LA RIFORMA DELLO SPORT CHE SVUOTA IL VOLONTARIATO
La nuova legge nazionale – che disciplina, riformandolo, il settore sportivo ed introduce due nuovi concetti, ovvero quelle del “lavoro sportivo” e del “lavoratore sportivo” – dà vita anche ad una sorta di apprendistato biennale per atleti di età
ricompresa fra i 14 ed i 23 anni di età, al termine del quale ad ogni ragazzo/a dovrà essere sottoposto un contratto di “lavoratore sportivo”, nella sua qualità di atleta.
E’ evidente che si tratta di una vera e propria rivoluzione nel campo dello sport, con particolare riguardo all’ambito amatoriale; una rivoluzione che muta profili ed assetti e riconduce le attività volontaristiche ad una dimensione ben più professionale, che sta creando comunque non pochi problemi e perplessità alle varie società sportive operanti anche sul nostro territorio.
Per poter procedere comunque nella direzione indicata dalla nuova legge, mancano ancora regolamenti attuativi, nonché indicazioni dell’I.N.P.S. e dell’ I.N.A.I.L. circa le posizioni di tali “lavoratori” ed il versamento dei relativi contributi previdenziali e
tutto ciò reca un danno notevolissimo al sistema sportivo, gravandolo inoltre di un peso burocratico sempre più insostenibile.
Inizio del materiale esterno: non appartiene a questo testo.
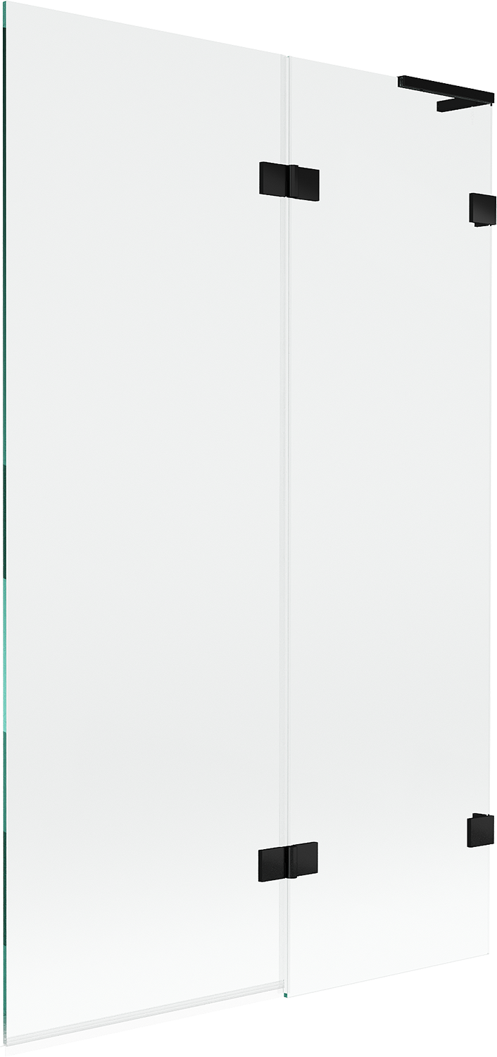 Paravan vyrobený ze dvou křídel s možností složení. Takové řešení umožňuje ušetřit více místa v koupelně a umožňuje volné využití zbývajícího prostoru, když nepoužíváme koupací zónu.

Una riforma che, a ben vedere, appare quindi chiaramente incompatibile soprattutto con le società sportive dilettantistiche e la loro vita associativa, proprio per la sua complessità e farraginosità e che non trova soluzione nemmeno nell’assistenza fornita alle società medesime dal C.O.N.I. e dalla sua varie Federazioni, che paiono anche loro annaspare in un mare di
confusioni e di incertezze.
Si tratta insomma dell’ennesima riforma tronca, che sembra puntare ad una progressiva limitazione del ruolo del volontariato, sul quale la stessa legge appare molto vaga, indicando, ma non definendo; stabilendo, ma non determinando e quindi
generando confusione e dubbi che, a loro volta, intaccano la volontà e la presenza attiva di quel volontariato sul quale le società dilettantistiche si sono rette fino ad oggi.
Questo è il quadro nazionale, stigmatizzato più volte anche dai vertici federali del C.O.N.I. e sul quale la chiarezza, quando giungerà, sarà sempre e comunque tradiva.
E sul piano provinciale? Il Trentino ha competenza primaria in materia e quindi la Giunta provinciale cosa intende fare? Lasciare forse che il pantano giuridico-amministrativo venga a danneggiare anche le nostre società o piuttosto agire ed affrontare il problema, intervenendo, anche normativamente, per sostenere il dilettantismo e non esporre anche il settore sportivo a quei rischi di impoverimento e di esaurimento che già abbiamo osservato nel settore culturale e del volontariato sociale, con la riforma del “terzo settore”.
L’autonomia d’altronde ha un senso se agisce meglio – e con minori costi – dello Stato centrarle, secondo la sempre attuale lezione degasperiana e non se si adegua e si prostra davanti alla normativa statale, limitandosi a recepirla ed applicarla in sede locale, come più volte avvenuto, in molte materie, nella corrente Legislatura.
Tutto ciò premesso, si interroga la Giunta provinciale per sapere:
- se la stessa è a conoscenza del grave disagio che sta crescendo nel mondo delle società sportive dilettantistiche in vista dell’applicazione prossima della nuova normativa nazionale di riforma del settore sportivo;
- cosa eventualmente intende fare la stessa per fronteggiare le difficoltà evidenti di tali società – ed in genere del volontariato sportivo – sulla base delle competenze autonomistiche primarie in materia;
- se la stessa è consapevole del grave rischio che sta correndo il mondo dello sport amatoriale, sempre più compresso ed obbligato da una burocrazia soffocante e limitante;
- se condivide il disegno politico nazionale in atto e mirato a regolamentare, ma soprattutto a comprimere, l’intera galassia del volontariato sociale, sportivo e culturale, riportando molte funzioni in capo allo Stato, secondo una cultura di chiara
matrice centralista.
A norma di regolamento si richiede risposta scritta.